Sen. Coleman Young II, D-Detroit, expressed concern that the proposed rules would make it more difficult for voters to register.

"We are putting new hurdles in the way of voting registration," Young said. "We are missing an opportunity to make our voting system simpler and better. Instead, we are making it more complex and harder."

Several groups, including the League of Women Voters of Michigan, AARP Michigan and the ACLU of Michigan, oppose the legislation, claiming voter ID requirements disproportionately impede elderly, low-income, minority and younger voters.

Mark Hornbeck, associate communications director for AARP, said he expects to see decreased turnout among older voters since one in five older voters do not have a photo ID.

"They've been voting for years and, all of a sudden, they have a new hurdle they may not have even known about before Election Day," Hornbeck said.

"Michigan already meets federal standards in terms of elections," Hornbeck said. "It's a solution in search of a problem."

But Farley said the legislation is "absolutely not intended to depress turnout" and that the new identification requirements would not have a negative effect on registration.

"There is a study from the Secretary of State that shows that 96 percent of people who are eligible to vote are already registered," Farley said. "This shouldn't have an effect on voter turnout."

Senate approval of the measure coincided with a research report that found one in eight voter registrations in the United States contain significant errors.

According to the Pew Center on the States, 24 million voter registrations contain errors, including 1.8 million dead people still registered and 2.7 million citizens registered in multiple states.

Part of the Senate package deals with the issue of erroneous registrations by allowing the Secretary of State to create an "inactive voter file." Voters determined to have moved out of the state or who haven't voted in six consecutive years would be considered inactive and their absentee ballot could be challenged.

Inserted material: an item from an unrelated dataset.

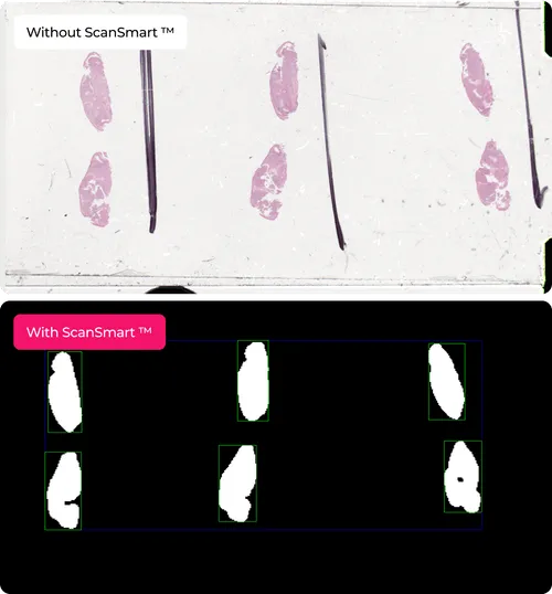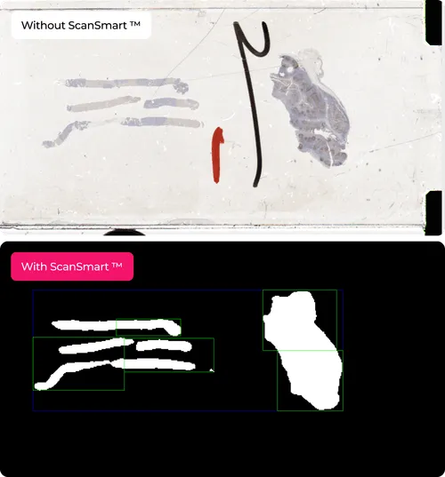 Advanced tissue detection ignores debris, pen marks, and artifacts while capturing every critical detail

"If someone leaves the state and goes to Florida, they're often automatically registered to vote," Farley said. "What this legislation does is make sure if someone moves to another state, the Secretary of State would be notified and could take them off the list.

"This gives us a chance to make sure voting rolls are clean," Farley said.

The legislation would also place new limitations on groups that register voters, requiring anyone who signs up multiple voters to apply to the state and undergo training.

Critics argue that provision would impose an unnecessary burden on registration efforts.

"We've been registering voters for 90 years," said League of Women Voters President Sue Smith. "We've got volunteers all over the state, so it would be difficult, in terms of time and distance, to send them for training."

The legislation is pending in the Republican-controlled House.